4.5. EXPERIMENTAL EVALUATION 115
Data was gathered from five different users performing the same scenario in the Contacts application. The scenario asked each user to perform the following tasks in the NokiaTMContacts application:
1. Create 10 new contacts.
2. Assign four of the contacts to one group and six to another group. 3. Edit the four contacts who belong to a single group.
4. Send an SMS to the four contacts in a single group. 5. Delete two contacts.
6. Create one more contact and assign it to a group.
As noted in Section 3.9.2, the user interface allowed completely different ways to accomplish the same task, therefore these tasks could be accom- plished by different key press sequences.
Using the data collected from five users who performed the scenario, the effectiveness of the menu prediction approaches using the MDL technique was determined. Figure 4.8(a), 4.8(b), 4.8(c), 4.8(d), and 4.8(e) compares the mean discrete loss between the MDL technique and the specified hypotheses technique for each user. Figure 4.9(a), 4.9(b), 4.9(c), 4.9(d), and 4.9(e) shows the mean absolute loss for each user.

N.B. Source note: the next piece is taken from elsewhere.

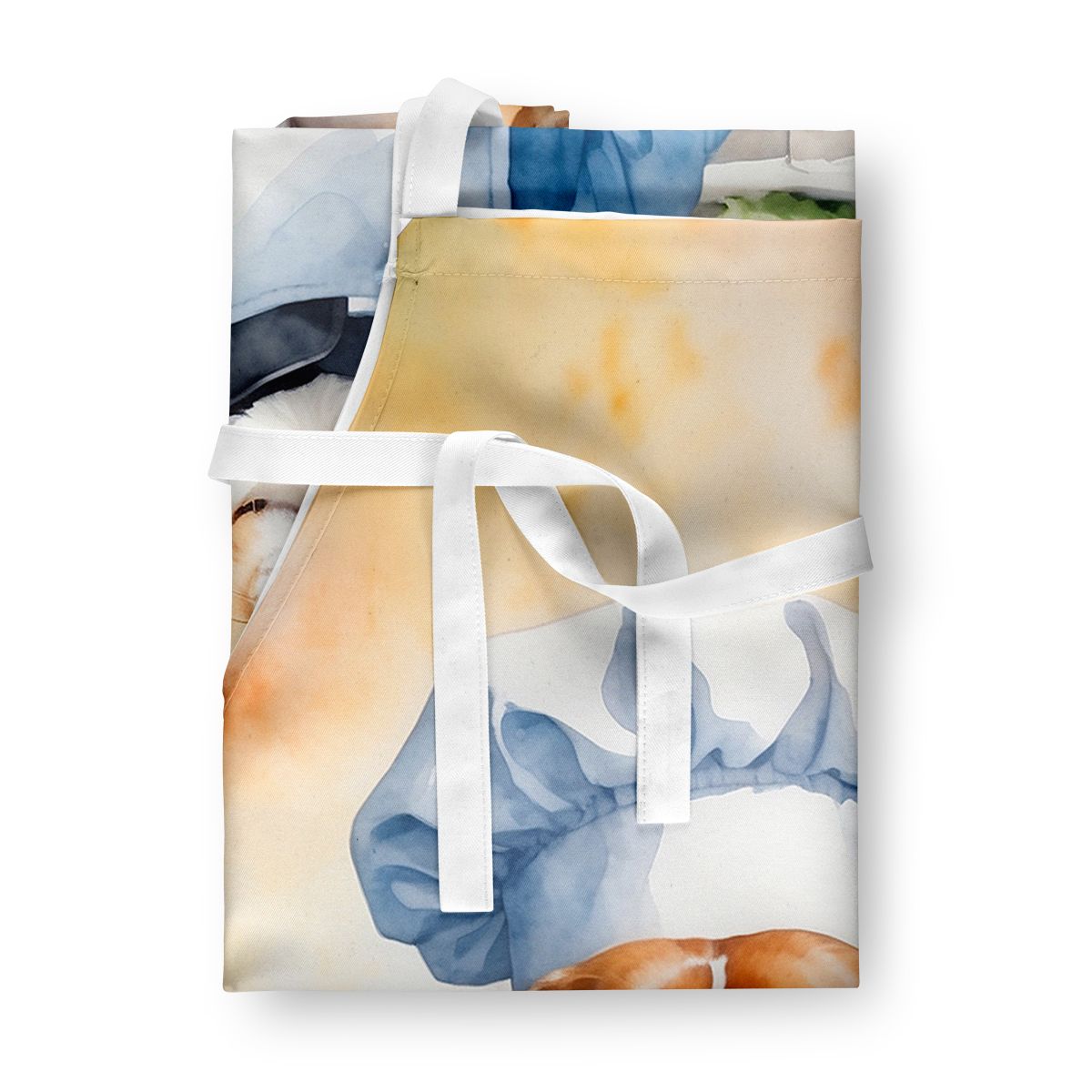 Apron featuring breed specific Beagle artwork. Elevate your cooking, baking, and grilling experiences with our versatile Kitchen or BBQ Apron. This Bib Style apron isn't just limited to culinary activities - it also serves as an excellent baking apron, artist apron, server apron, gardening apron, or even a dog grooming apron. The apron showcases vibrant full-color artwork contributed by one of our talented artists, bringing a dash of style to your daily tasks. With dimensions of approximately 27"W x 30"H, it provides ample coverage to protect your clothing from spills and splashes. Our apron is meticulously crafted from 100% Ultra Spun Polyester, known for its durability and lightweight nature. The apron comes with white tie straps, ensuring a comfortable and adjustable fit for all. It's a perfect choice for kitchen apron enthusiasts, whether you are a woman or a man. Designed for easy maintenance, this apron is fully machine washable. The quick-drying polyester material actively reduces staining, keeping your apron looking fresh and new for longer. Our beautifully designed apron isn't just a functional kitchen accessory - it's a fashion statement in the culinary world!

Figure 4.10(a), Figure 4.10(b), Figure 4.10(c), Figure 4.10(d) and Fig- ure 4.10(e) shows the codelength of the hypotheses produced after every example for the five users. In addition, the size of the restricted hypothesis space used by the menu prediction approaches is overlayed on these graphs. These graphs show how the codelength of successive hypotheses change over a series of examples and also how the restricted hypothesis space grows over a series of examples.